In deze zaak gaat het om een hoger beroep van belanghebbende tegen de uitspraak van de rechtbank Overijssel, die op 17 juni 2014 het beroep tegen de WOZ-beschikking voor het jaar 2013 ongegrond verklaarde. De heffingsambtenaar had de waarde van de onroerende zaak, gelegen aan [a-straat] 2 te [Z], vastgesteld op € 634.000, wat later werd verlaagd naar € 590.000 na bezwaar van belanghebbende. Belanghebbende was het niet eens met deze waardering en stelde dat de waarde te hoog was vastgesteld. Hij voerde aan dat de rechtbank ten onrechte geen rekening had gehouden met zijn bezwaren tegen de WOZ-beschikkingen van eerdere jaren. De rechtbank had volgens hem ook niet adequaat gereageerd op zijn verzoeken om uitspraak op de eerdere bezwaarschriften.

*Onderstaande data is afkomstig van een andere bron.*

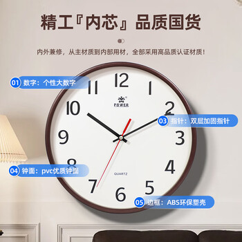 POWER霸王挂钟客厅挂墙时钟简约家用石英钟表25cmBW239517D5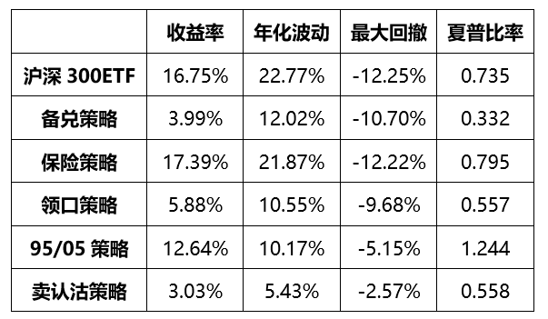 年初至今,现货逐步企稳,卖认沽策略表现较好。五个策略的具体表现如下: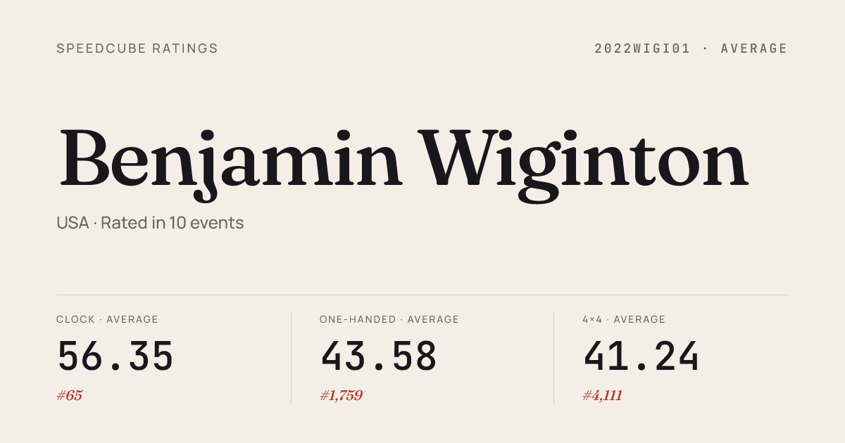 - Feb 21, 20263x3x3 Cube · Round 1PBsinPalisadesOpen2026 · 22nd9.42
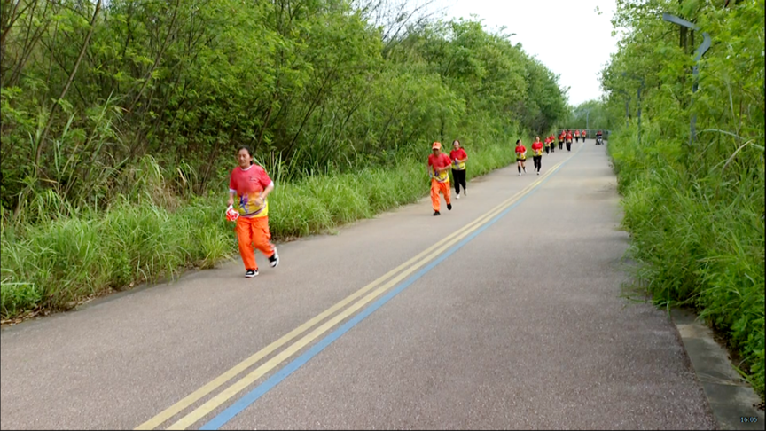 随后,80多位环卫工人和环卫工作者沿着鹿寨山环山步道向前奔跑。全程约5公里,途中,大家尽情在步道上挥洒汗水,享受健步跑带来的激情活力,畅享运动的快乐,用行动展现环卫人的精神面貌与时代风采。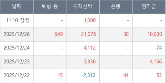 [표] 주요 기관별 순매매량 (단위 주)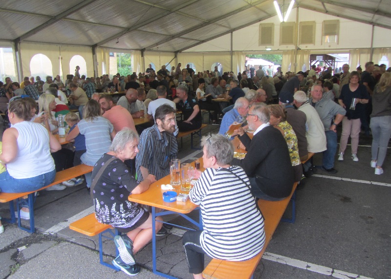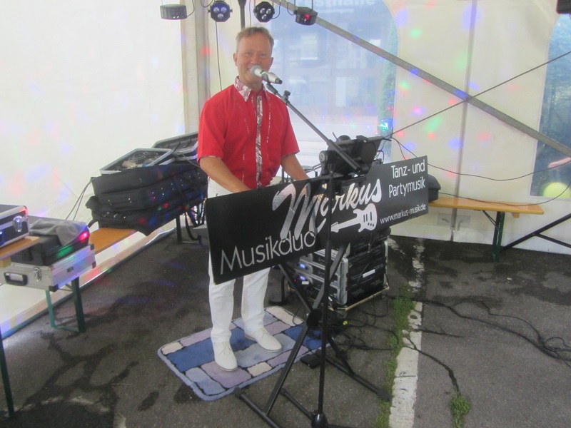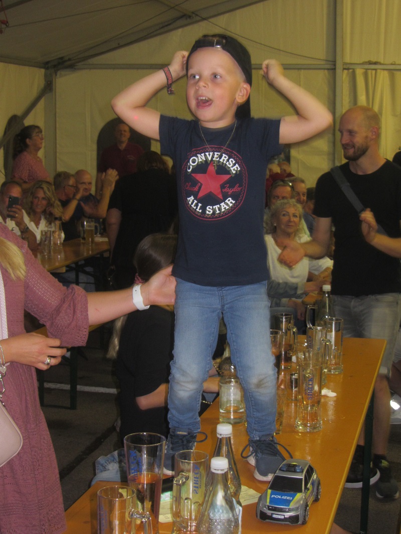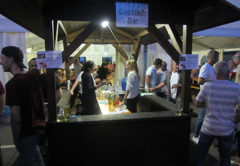 Superpünktlich ab 18:00 Uhr war unser Musiker „Markus-Musik“ einsatzbereit. Er verstand es wieder ausgezeichnet, eine super Stimmung im Zelt zu erzeugen. Liedwünsche wurden gerne von ihm erfüllt und auch die Tanzwilligen wagten sich auf das Parkett. Die kleinen Nachwuchspartygänger tanzten derweil auf dem Tisch und waren obendrein noch äußerst textsicher bei den neusten Partyhits. Mittlerweile war auch vor dem Zelt der Festplatz mit Gästen gefüllt und an der Cocktailbar wurde das Angebot an Longdrinks genossen. So wurde bis spät in die Nacht ausgiebig gefeiert.

Tijdens de zitting van het Hof op 15 september 2015 werd het geschil besproken. Belanghebbende stelde dat de rechtbank hem had benadeeld door een onjuiste weergave van zijn woorden en door niet alle relevante stukken in het dossier op te nemen. De heffingsambtenaar betwistte deze claims en stelde dat de waarde van de onroerende zaak correct was vastgesteld. Het Hof oordeelde dat de rechtbank het beroepschrift van belanghebbende niet correct had behandeld, omdat het ook betrekking had op eerdere jaren waarvoor nog geen uitspraak was gedaan. Het Hof vernietigde de uitspraak van de rechtbank en verwees de zaak terug naar de rechtbank voor herbehandeling van de WOZ-beschikkingen voor de jaren 2008 tot en met 2013.
De uitspraak van het Hof benadrukt het belang van een zorgvuldige behandeling van bezwaarschriften en het tijdig nemen van beslissingen door de heffingsambtenaar. Het Hof stelde ook dat de proceskosten van belanghebbende door de heffingsambtenaar vergoed moesten worden.